Instructions to follow | Exclude the pictures and reproduce the remaining data exactly as written.

#### Provided material ####

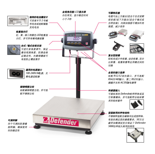 奧豪斯公司全新呈現的Defender 5000系列電子臺秤,擁有靜態稱重、檢重稱重、計件稱重(自動更新)、百分比稱重、動態稱重和顯示保持等功能,可被廣泛使用于食品、物流、包裝等領域。高品質的傳感器、堅固的秤體以及性能卓越的儀表,將為您的稱量系統提供集經濟性、可靠性、精確性為一體的最優化解決方案。
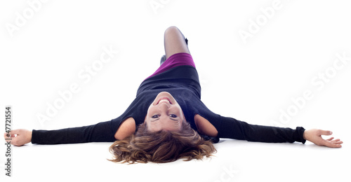 woman, girl, smiling, young, smile, happy, happiness, white, white background, studio, lying down, beauty, beautiful, pretty, diamond, jewellery, long hair, ginger, sexy, slim, zen, quiet, resting, sleepy, playing
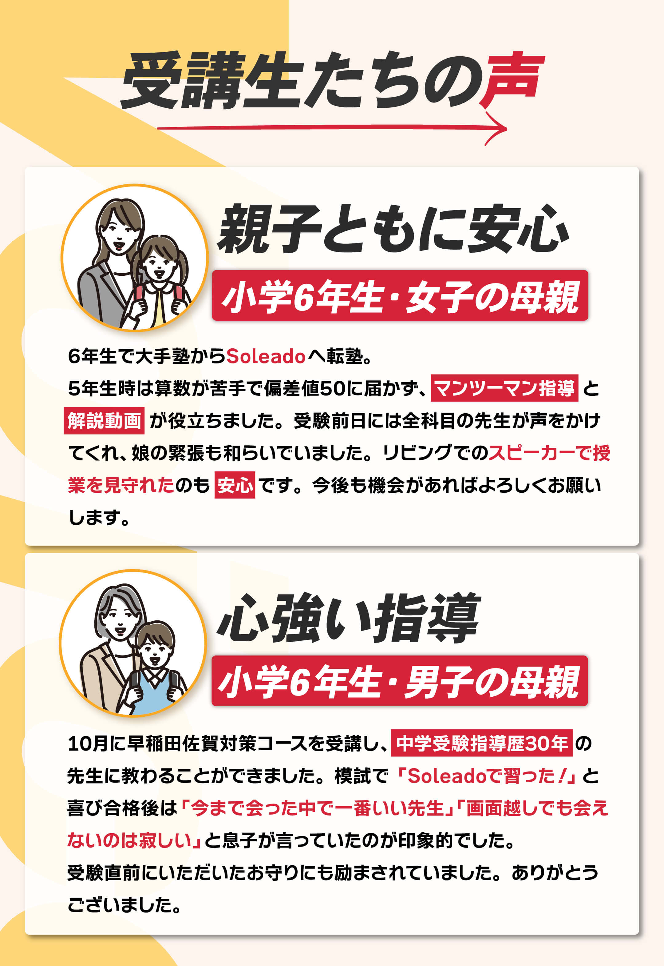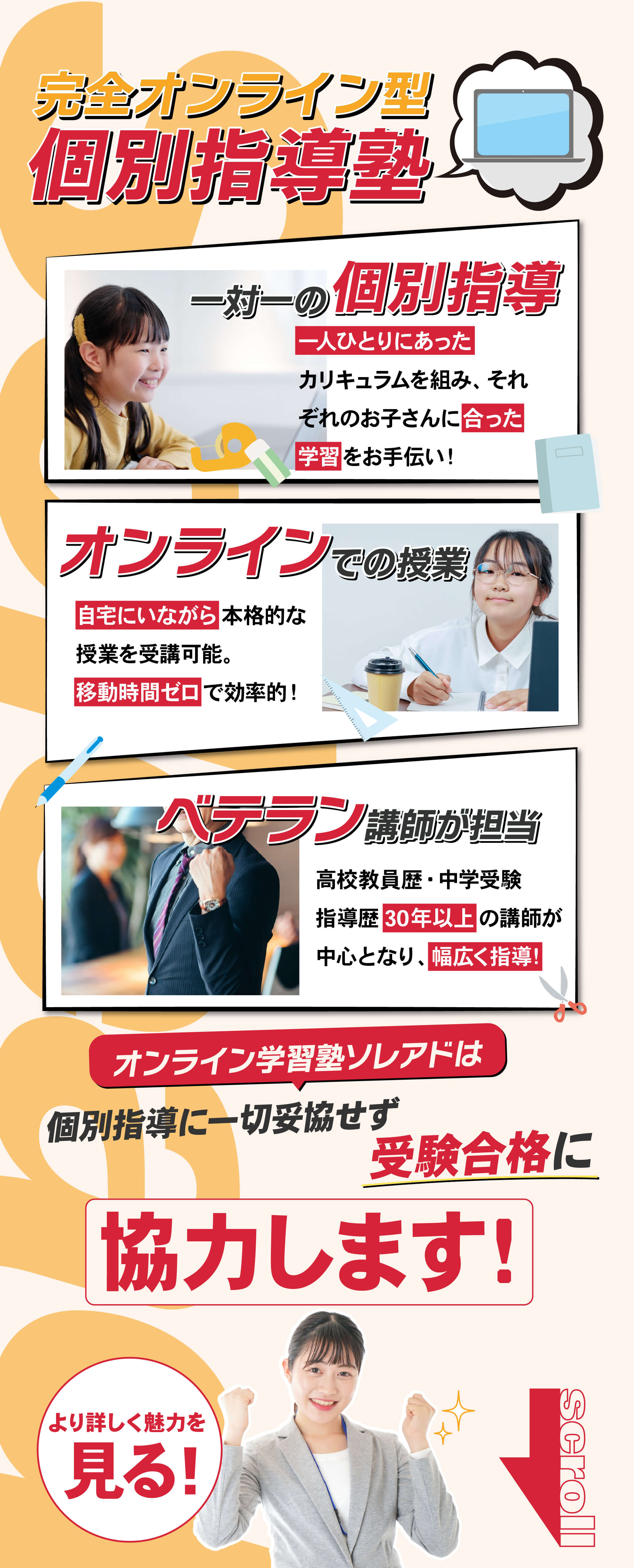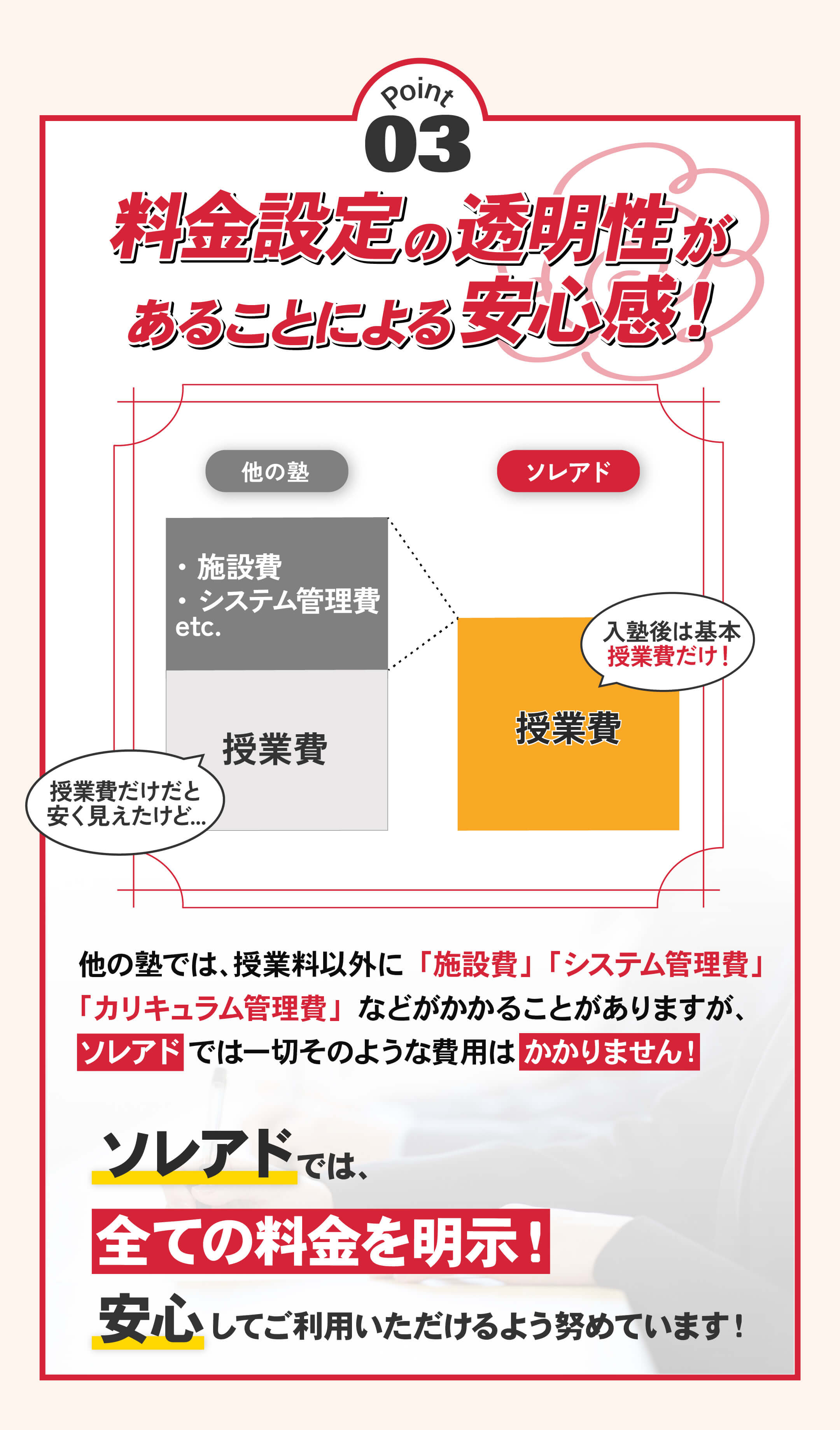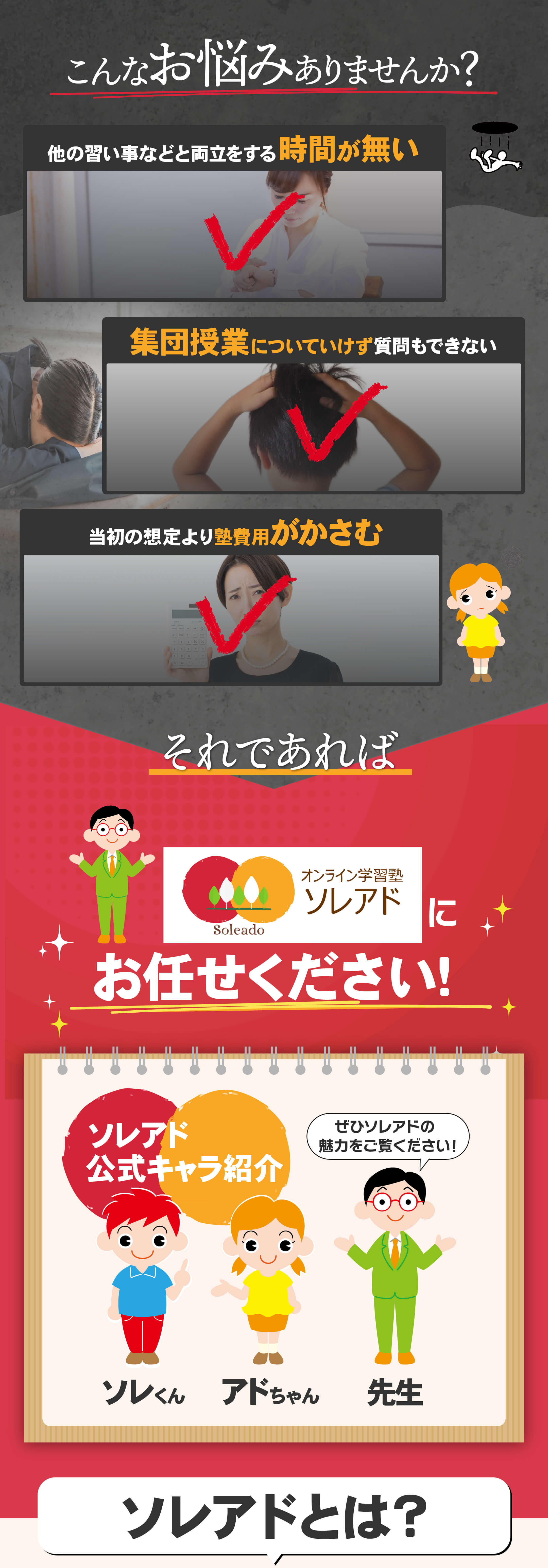 オンライン学習塾ソレアド (以下「当社」)は、以下のとおり個人情報保護方針を定め、 個人情報保護の仕組みを構築し、全従業員に個人情報保護の重要性の認識と取組みを 徹底させることにより、個人情報の保護を推進致します。

####

Response |
 奧豪斯公司全新呈現的Defender 5000系列電子臺秤,擁有靜態稱重、檢重稱重、計件稱重(自動更新)、百分比稱重、動態稱重和顯示保持等功能,可被廣泛使用于食品、物流、包裝等領域。高品質的傳感器、堅固的秤體以及性能卓越的儀表,將為您的稱量系統提供集經濟性、可靠性、精確性為一體的最優化解決方案。
 woman, girl, smiling, young, smile, happy, happiness, white, white background, studio, lying down, beauty, beautiful, pretty, diamond, jewellery, long hair, ginger, sexy, slim, zen, quiet, resting, sleepy, playing
 オンライン学習塾ソレアド (以下「当社」)は、以下のとおり個人情報保護方針を定め、 個人情報保護の仕組みを構築し、全従業員に個人情報保護の重要性の認識と取組みを 徹底させることにより、個人情報の保護を推進致します。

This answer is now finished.